** Problem description **
Please copy the lines below, exactly as they are, from the one with "砂糖が溶けたら、湯煎から外してハンドミキサーで泡立てていきます。- 4" through the one with "Unsere Viktoria ließ", and leave out the pictures.

+++

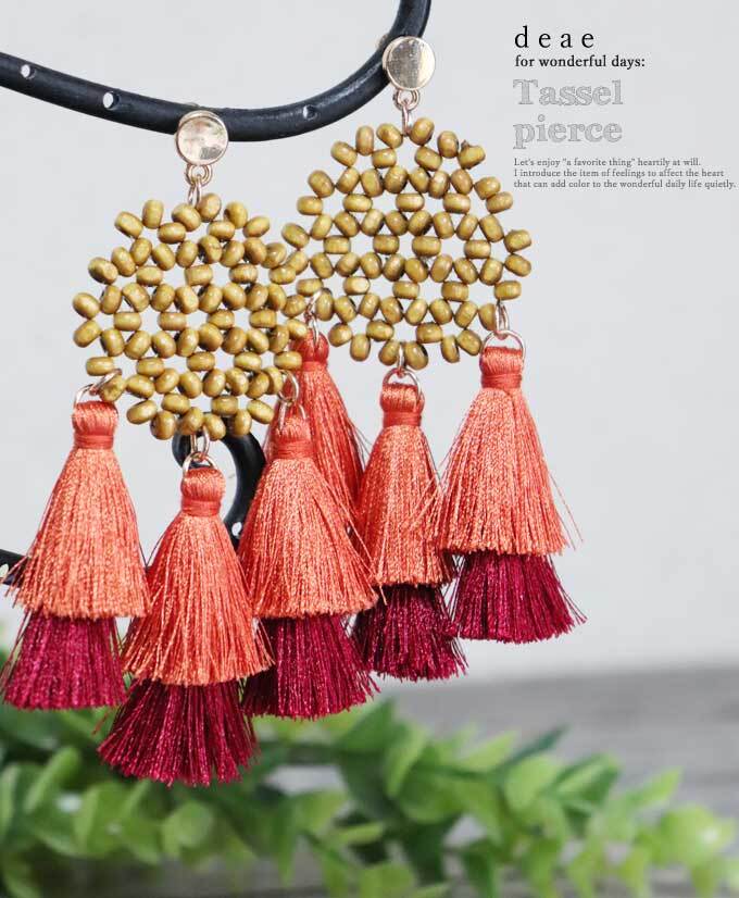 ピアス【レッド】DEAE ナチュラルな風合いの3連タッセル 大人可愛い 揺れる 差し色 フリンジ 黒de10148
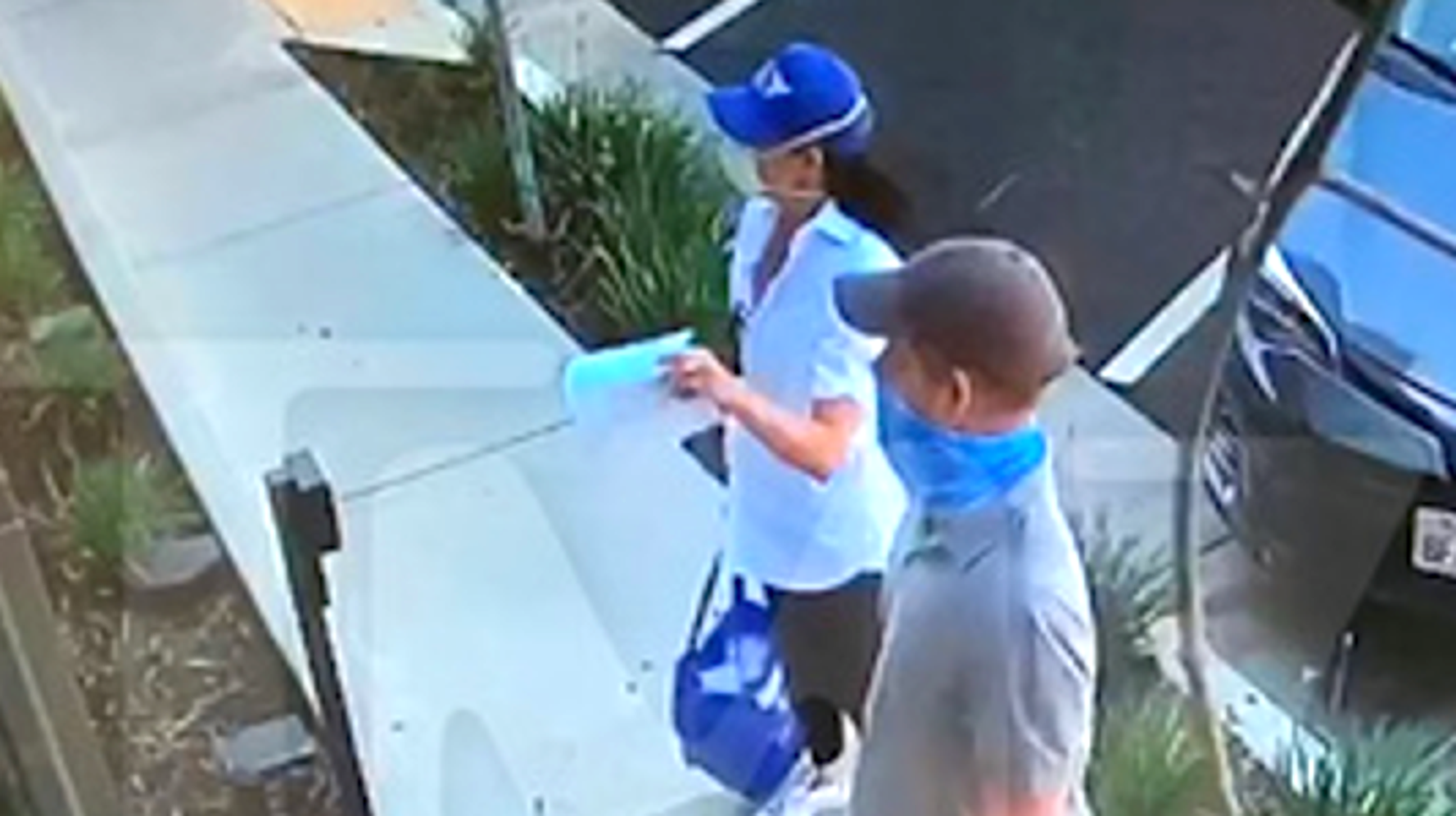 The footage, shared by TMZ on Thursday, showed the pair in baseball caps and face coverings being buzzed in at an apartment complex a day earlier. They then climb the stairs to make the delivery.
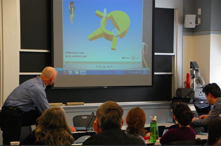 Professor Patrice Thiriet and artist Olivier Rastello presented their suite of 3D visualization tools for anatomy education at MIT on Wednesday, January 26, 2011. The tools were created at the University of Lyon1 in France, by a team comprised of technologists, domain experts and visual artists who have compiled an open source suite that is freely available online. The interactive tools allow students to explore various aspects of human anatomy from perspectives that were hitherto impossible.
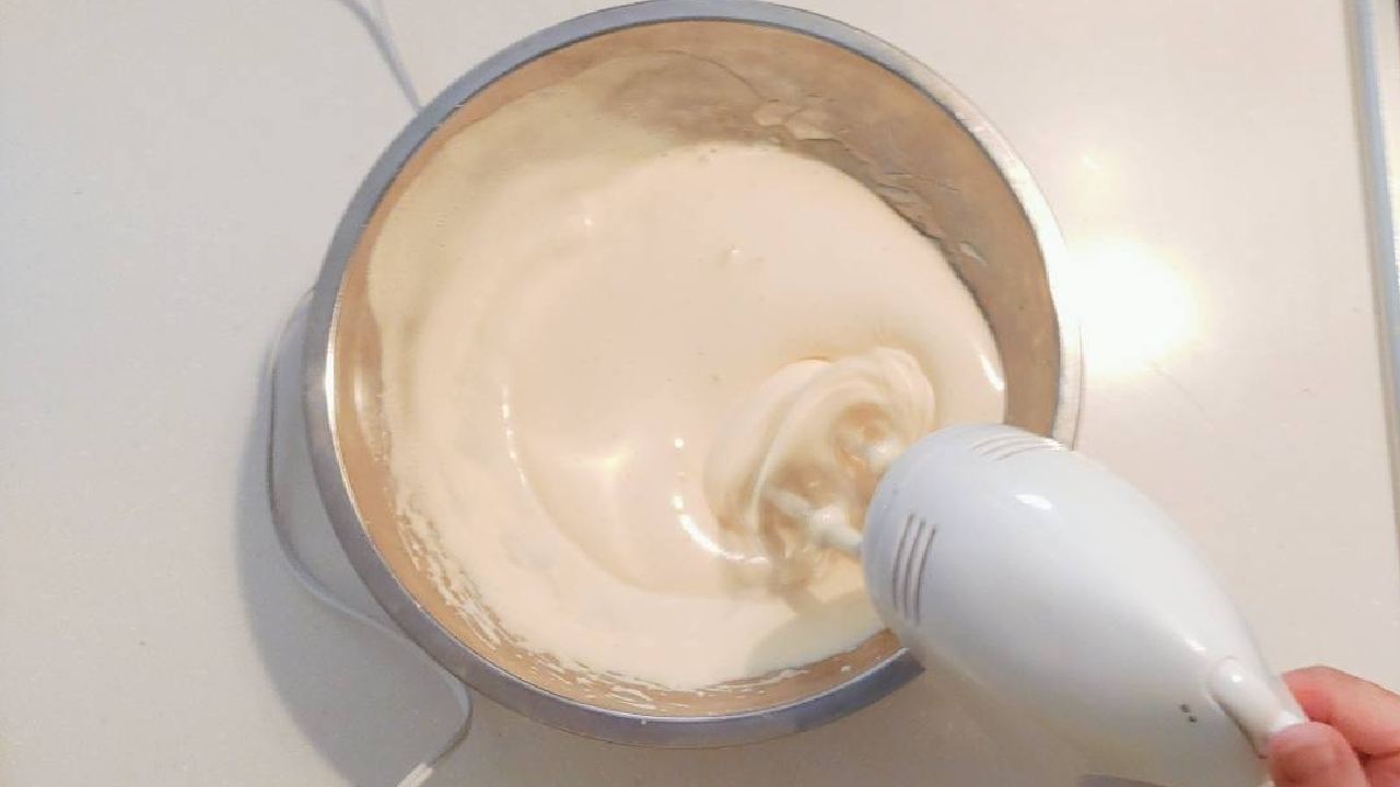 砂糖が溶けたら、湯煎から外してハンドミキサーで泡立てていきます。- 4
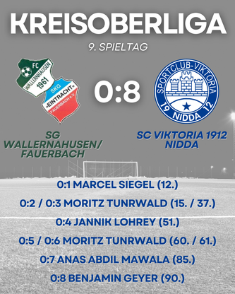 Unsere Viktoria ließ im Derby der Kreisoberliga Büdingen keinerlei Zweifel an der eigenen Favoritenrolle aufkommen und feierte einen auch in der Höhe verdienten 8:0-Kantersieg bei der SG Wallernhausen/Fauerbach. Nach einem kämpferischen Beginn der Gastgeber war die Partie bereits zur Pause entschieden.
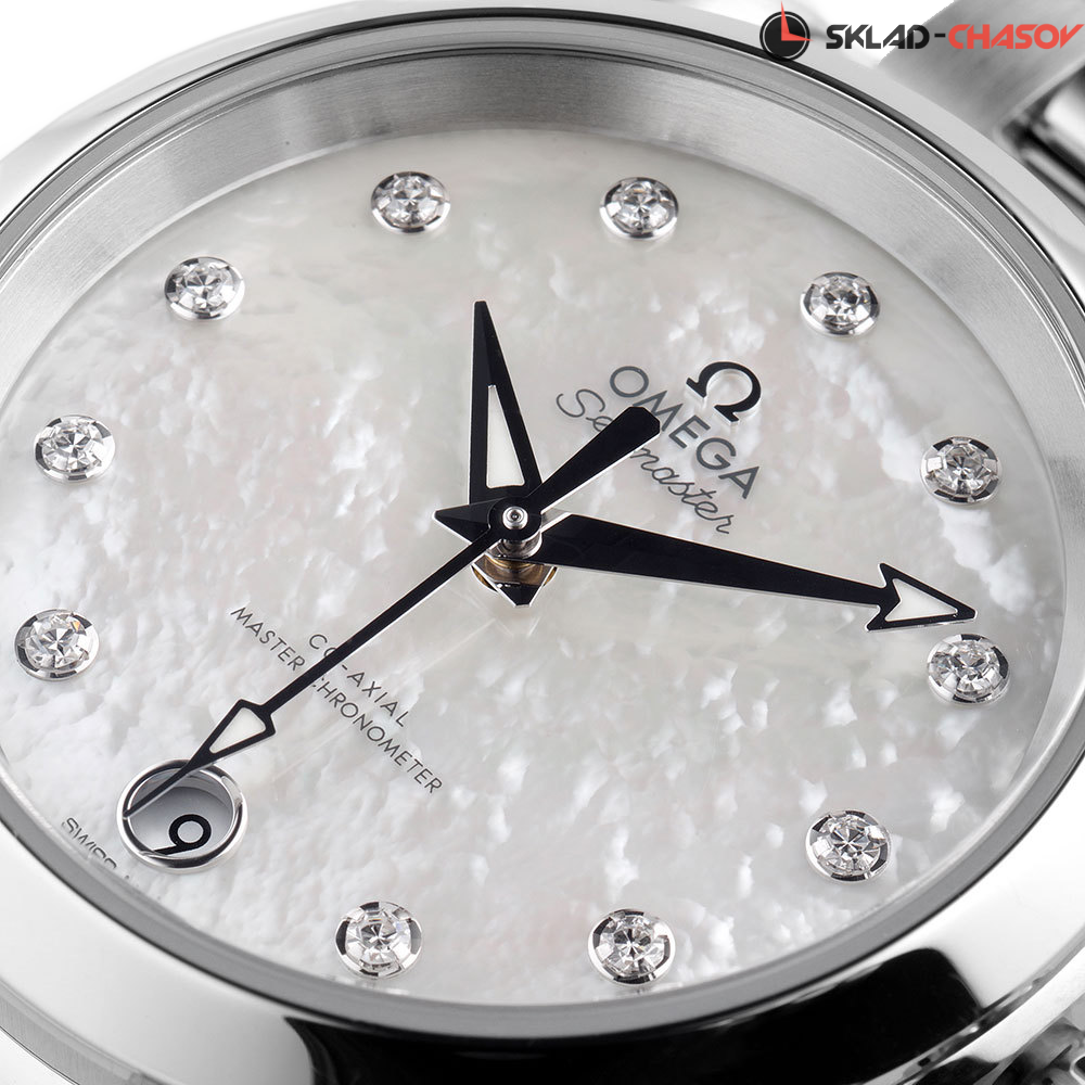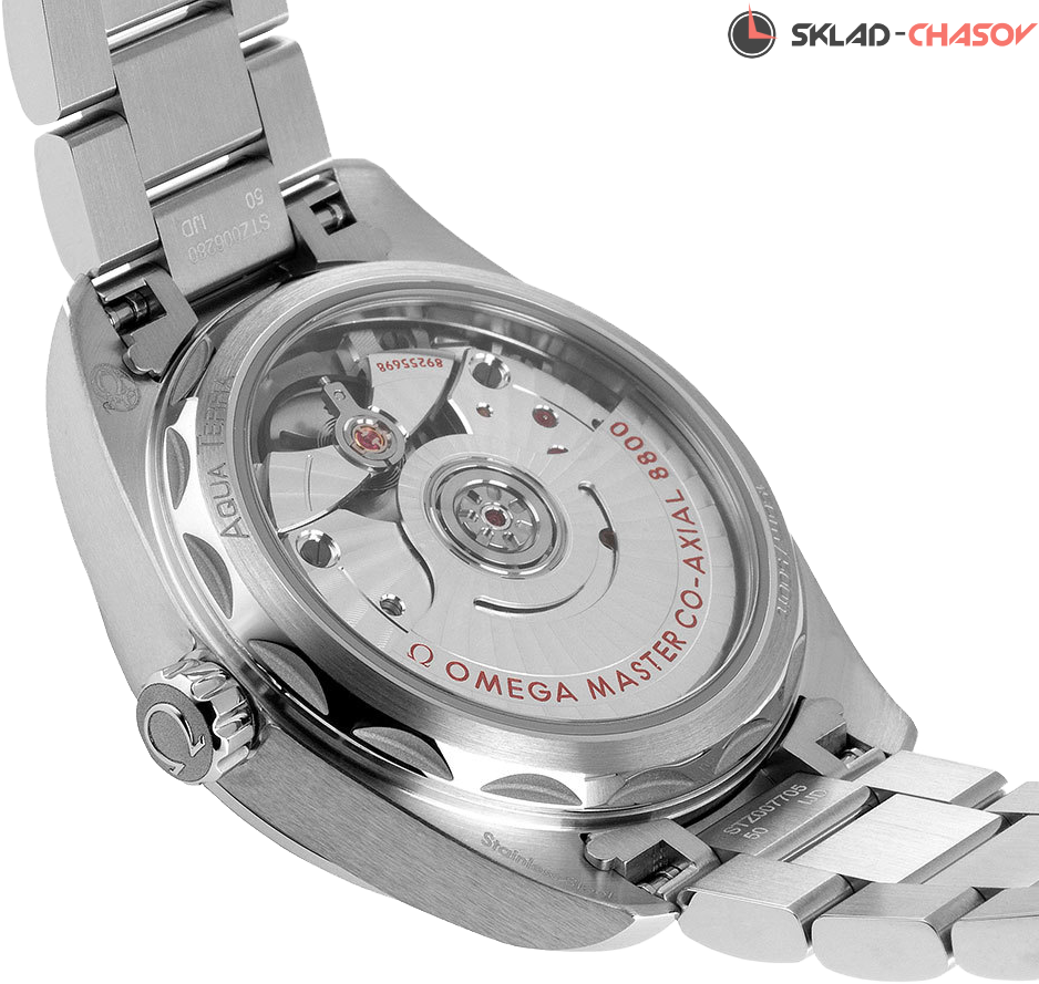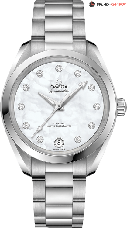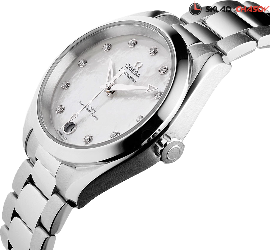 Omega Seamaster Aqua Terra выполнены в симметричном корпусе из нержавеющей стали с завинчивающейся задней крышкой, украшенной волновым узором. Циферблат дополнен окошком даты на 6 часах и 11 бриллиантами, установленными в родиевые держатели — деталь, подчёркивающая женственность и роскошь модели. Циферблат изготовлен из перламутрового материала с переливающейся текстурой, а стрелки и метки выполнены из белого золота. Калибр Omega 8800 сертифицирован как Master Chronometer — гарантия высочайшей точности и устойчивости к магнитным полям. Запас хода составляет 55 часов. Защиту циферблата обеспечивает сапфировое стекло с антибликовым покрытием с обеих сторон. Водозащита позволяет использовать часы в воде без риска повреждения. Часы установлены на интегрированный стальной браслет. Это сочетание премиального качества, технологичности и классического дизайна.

+++

** Response area **
 砂糖が溶けたら、湯煎から外してハンドミキサーで泡立てていきます。- 4
 Unsere Viktoria ließ im Derby der Kreisoberliga Büdingen keinerlei Zweifel an der eigenen Favoritenrolle aufkommen und feierte einen auch in der Höhe verdienten 8:0-Kantersieg bei der SG Wallernhausen/Fauerbach. Nach einem kämpferischen Beginn der Gastgeber war die Partie bereits zur Pause entschieden.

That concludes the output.